- What the task requires
Only the lines below from the one that contains "Rugged Mountain is" through the one that contains "La portion du" should appear in your answer, exact and without pictures.

- Source data
◆ ◆ ◆ ◆ ◆
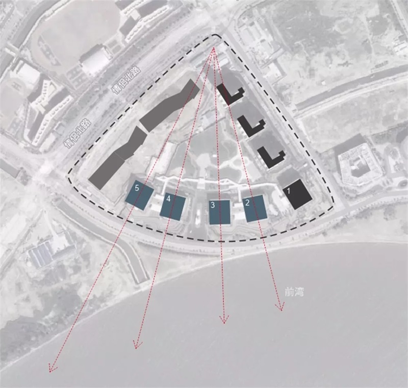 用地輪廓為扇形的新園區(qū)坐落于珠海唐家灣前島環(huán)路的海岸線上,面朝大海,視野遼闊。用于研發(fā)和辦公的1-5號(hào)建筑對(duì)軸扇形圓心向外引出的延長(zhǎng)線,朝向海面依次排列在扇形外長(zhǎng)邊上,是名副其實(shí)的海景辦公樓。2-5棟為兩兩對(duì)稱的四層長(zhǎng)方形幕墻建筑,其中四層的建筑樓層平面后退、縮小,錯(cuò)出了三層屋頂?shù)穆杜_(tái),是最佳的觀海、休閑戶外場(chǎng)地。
◆ ◆ ◆ ◆ ◆
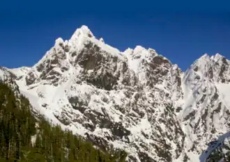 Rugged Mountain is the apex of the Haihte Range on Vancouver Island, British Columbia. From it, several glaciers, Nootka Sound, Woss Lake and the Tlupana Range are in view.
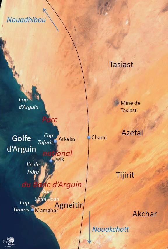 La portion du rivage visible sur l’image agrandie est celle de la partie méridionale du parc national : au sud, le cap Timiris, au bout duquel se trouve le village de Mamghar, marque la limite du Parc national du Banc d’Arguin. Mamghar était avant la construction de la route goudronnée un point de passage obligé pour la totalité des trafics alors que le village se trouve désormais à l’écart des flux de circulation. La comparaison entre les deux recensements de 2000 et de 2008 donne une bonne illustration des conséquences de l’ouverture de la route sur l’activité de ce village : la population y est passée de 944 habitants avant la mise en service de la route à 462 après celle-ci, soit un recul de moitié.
◆ ◆ ◆ ◆ ◆
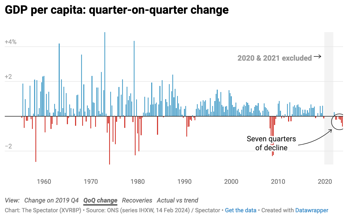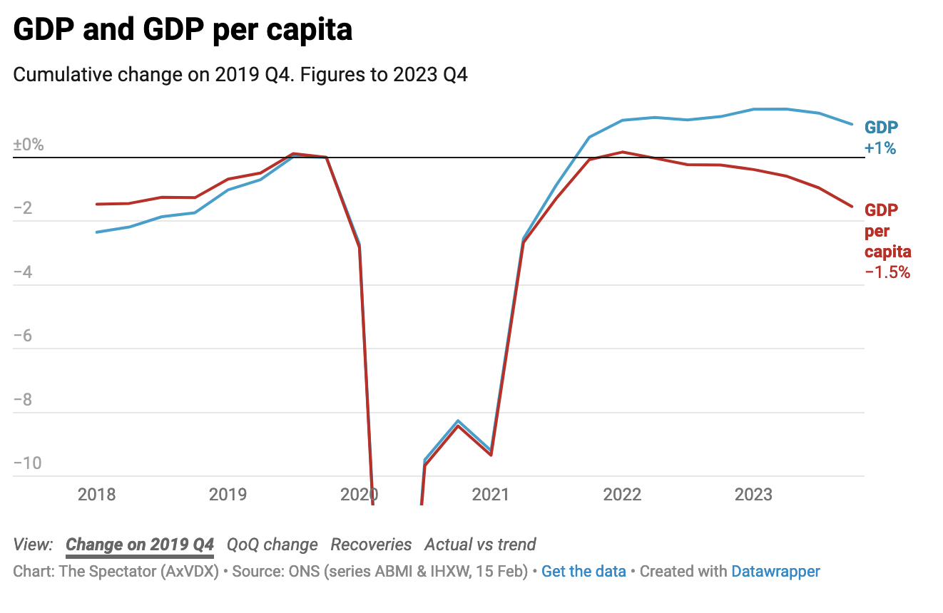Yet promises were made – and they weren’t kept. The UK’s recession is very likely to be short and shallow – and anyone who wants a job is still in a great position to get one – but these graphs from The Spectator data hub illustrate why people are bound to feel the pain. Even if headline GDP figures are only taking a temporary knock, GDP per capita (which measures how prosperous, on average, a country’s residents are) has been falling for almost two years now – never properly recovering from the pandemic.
◆ ◆ ◆ ◆ ◆
- Your response
 Rugged Mountain is the apex of the Haihte Range on Vancouver Island, British Columbia. From it, several glaciers, Nootka Sound, Woss Lake and the Tlupana Range are in view.
 La portion du rivage visible sur l’image agrandie est celle de la partie méridionale du parc national : au sud, le cap Timiris, au bout duquel se trouve le village de Mamghar, marque la limite du Parc national du Banc d’Arguin. Mamghar était avant la construction de la route goudronnée un point de passage obligé pour la totalité des trafics alors que le village se trouve désormais à l’écart des flux de circulation. La comparaison entre les deux recensements de 2000 et de 2008 donne une bonne illustration des conséquences de l’ouverture de la route sur l’activité de ce village : la population y est passée de 944 habitants avant la mise en service de la route à 462 après celle-ci, soit un recul de moitié.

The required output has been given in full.